Gran checked her reflected teeth for lipstick. Given the day's trajectory, it was statistically probable she'd insist Lily apologize to the intern, too, but no: “Don't give him the time of day.”

“He's not going to be asking the time of day. He's going to be asking—”

Gran held up a hand for silence. She poked her head into the hall. “Young man, this is not an appropriate place to loiter.” Lily didn't catch le Tool-beck's reply. Gran turned back to her and winked. Lily would need to run a soup kitchen while maintaining a 4.0 to properly deserve her grandmother. Gran returned to the sinks. “Let's give it a moment,” she said.

A
glug
and a flush and a stall door opened. Mona Rosko, which explained the incredible lurking Nicky. He must be setting up an ambush. Ms. Rosko gave her an assessing stare. “Hello,” Lily said, all Miss Friendly Teen USA, Who in No Way Sicced the Press on Your Possibly Jailbird Daughter. “How are you this afternoon?”

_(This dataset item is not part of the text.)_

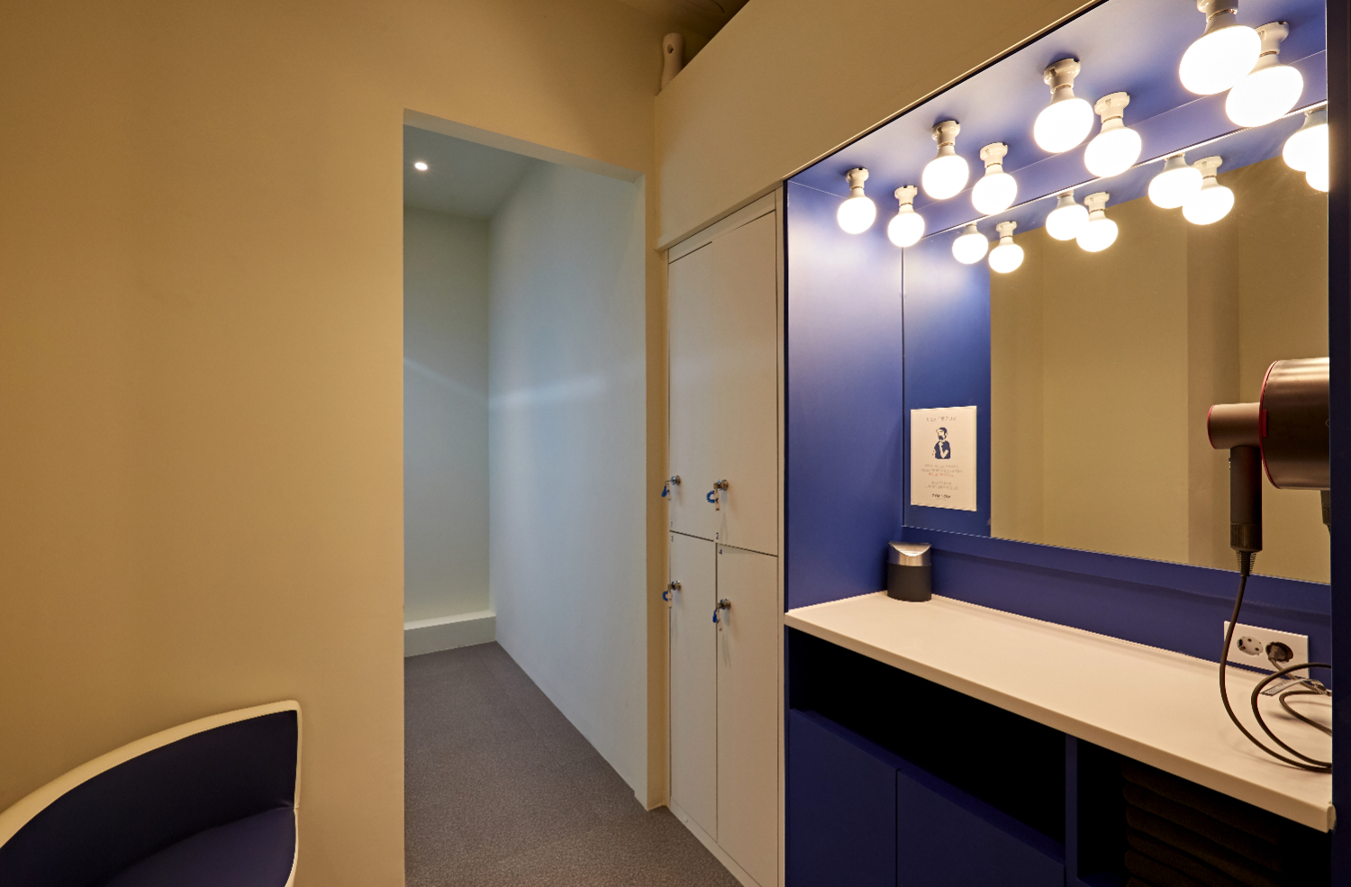 여성 탈의실은 우선 남자 탈의실보다는 화장대의 크기를 확대하였으며, 양쪽에도 캐비넷을 설치하여서 더욱 많은 분들이 사용하실 수 있도록 도와드렸습니다. 그리고 상단에는 수 많은 전구로 시야를 밝혀주었으며 벽면에 부착 된 드라이기를 통해 편하게 이용하실 수 있는데요.

Gran stepped between the two of them, even though she had this master plan wherein Lily fessed up and apologized.

Ms. Rosko held her palms below the tap. The sensor wasn't working right. She waved her hands beneath it like a deranged mime.

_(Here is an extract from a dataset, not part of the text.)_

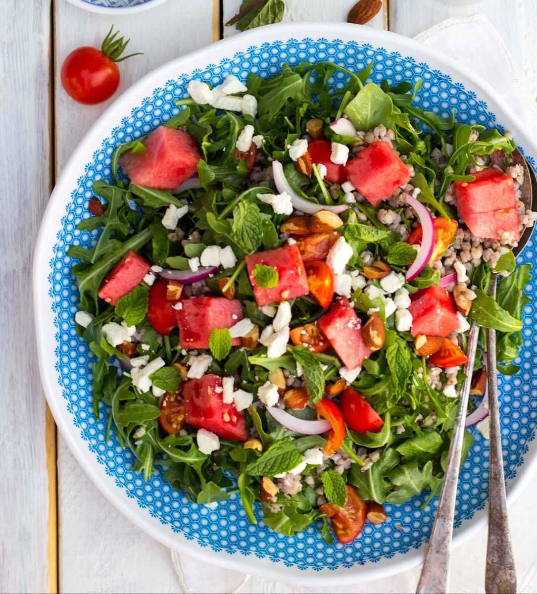 6- Ensalada de verano con sandía, rúcula y queso feta.

“There was a reporter outside,” Gran said, even though it was Lily's screwup and Lily's apology and Nicky Tullbeck was only an intern anyway. Lily would need a 4.0, a soup kitchen, and an Olympic gold medal to properly deserve her grandmother.

“He's just an intern,” she said, because it needed saying.

“I'm not surprised. There'll be opinions today.” Ms. Rosko said
opinions
in a way that made her own very low ones abundantly clear. The water hissed on.

“I was talking to this one before. About your daughter.” Lily's voice was in full-on revolution. Everything came out as if punctuated with a question mark. “I was trying to help. I was trying to get people on your side.” Ms. Rosko pumped the soap dispenser. Lily said, “I thought if everyone knew she's in Afghanistan—it's the kind of thing that would get people rooting for you. I thought—”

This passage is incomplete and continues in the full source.